I temporarily attached a few of the Jack-o-Lanterns along with the embelishments so I could get an idea of how it is going to look, and how the spacing needed to be.










That's all I have for now. I'll post more once I have something to show.


----------



## disney-fan-reborn

I just carved the last of the 60 Jacks last night! WHEW! I forgot how many 60 really is! Now I just have to figure out where they are all going to be placed.


----------



## disney-fan-reborn

Ok, I just realized that I never posted any videos of my COMPLETED Jack-o-Lantern arch for you all! So, without further delay, here are the two songs I did for Halloween last year (2010)!

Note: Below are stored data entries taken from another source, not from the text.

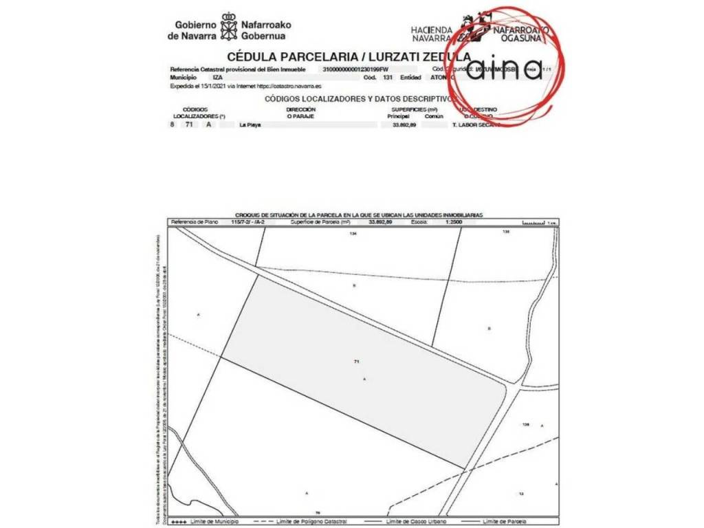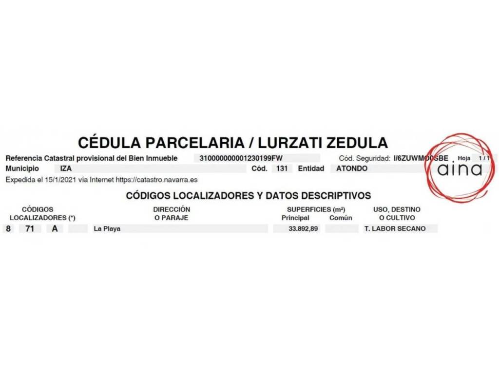 Excelente inversión. Finca de Labor de secano de 38 robadas en Iza, municipio de Atondo, fácil acceso a pie de carretera. Se puede ver la ubicación en las fotos de SITNA o en la Cédula parcelaria. Para mas información no dude en ponerse en contacto con nosotros y le resolveremos cualquier duda.
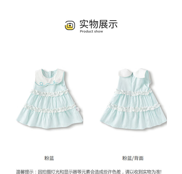 巴拉巴拉宝宝连衣裙婴儿裙子儿童公主裙女童夏装甜美气质清爽时尚 粉蓝80086 90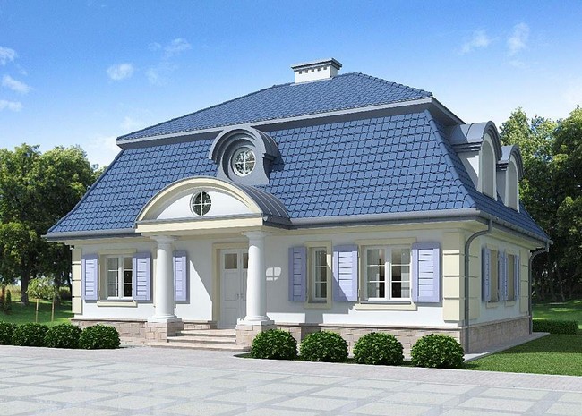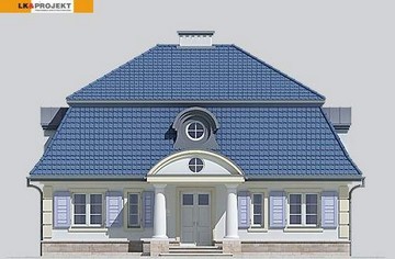 Na szczęście mogę w tej recenzji przedstawić również obrazy omawianego projektu. Już na pierwszy rzut oka widać, że dwór z Żyrzyna niewątpliwie zainspirował twórcę projektu LK&617. Mansardowy, wysoki dach z barokową lukarną, kolumny ganku zwieńczone podobnym, łukowym frontonem i symetryczne okna z okiennicami oddają bardzo wiele z ducha pierwowzoru. Ten przeznaczony dla czteroosobowej rodziny budynek dzielący z dworem w Żyrzynie zaledwie tych kilka elementów elewacji frontowej, dzieli tak naprawdę coś więcej. To zachwyt nad naszą narodową architekturą!

And if you want to read how I created it, you can read my thread in the Planet Christmas forum here: http://forums.planetchristmas.com/index.php?/topic/41621-pumpkin-arch/

Let me know what y'all think!


----------



## SuperCreep31

wow, that's amazing!


----------



## Dark Star

Really great I love the arch itself very creative!


----------



## Joiseygal

That is really cool! I love the idea it is very creative.


----------



## MorbidMariah

:biggrinkin:WOW-EEE! That's freakin great, D-F-R! :biggrinkin:


----------



## disney-fan-reborn

Thanks for the nice comments! 

FYI, there are a total of 62 artificial Jack-o-Lanterns on the arch (some are on the back side which you can see reflected in the porch windows). I carved each one, and 80% of the designs are original, with some being designed by my kids, nieces, and nephews, with even fewer being altered/copied designs from the internet or other sources. There are 15 channels controlling the arch (I use LOR). I finished off the arch by covering it with burlap and artificial ivy. Each Jack is lit with a single yellow C9 bulb. I had to make custom lengths of light strings to get each light in the right place.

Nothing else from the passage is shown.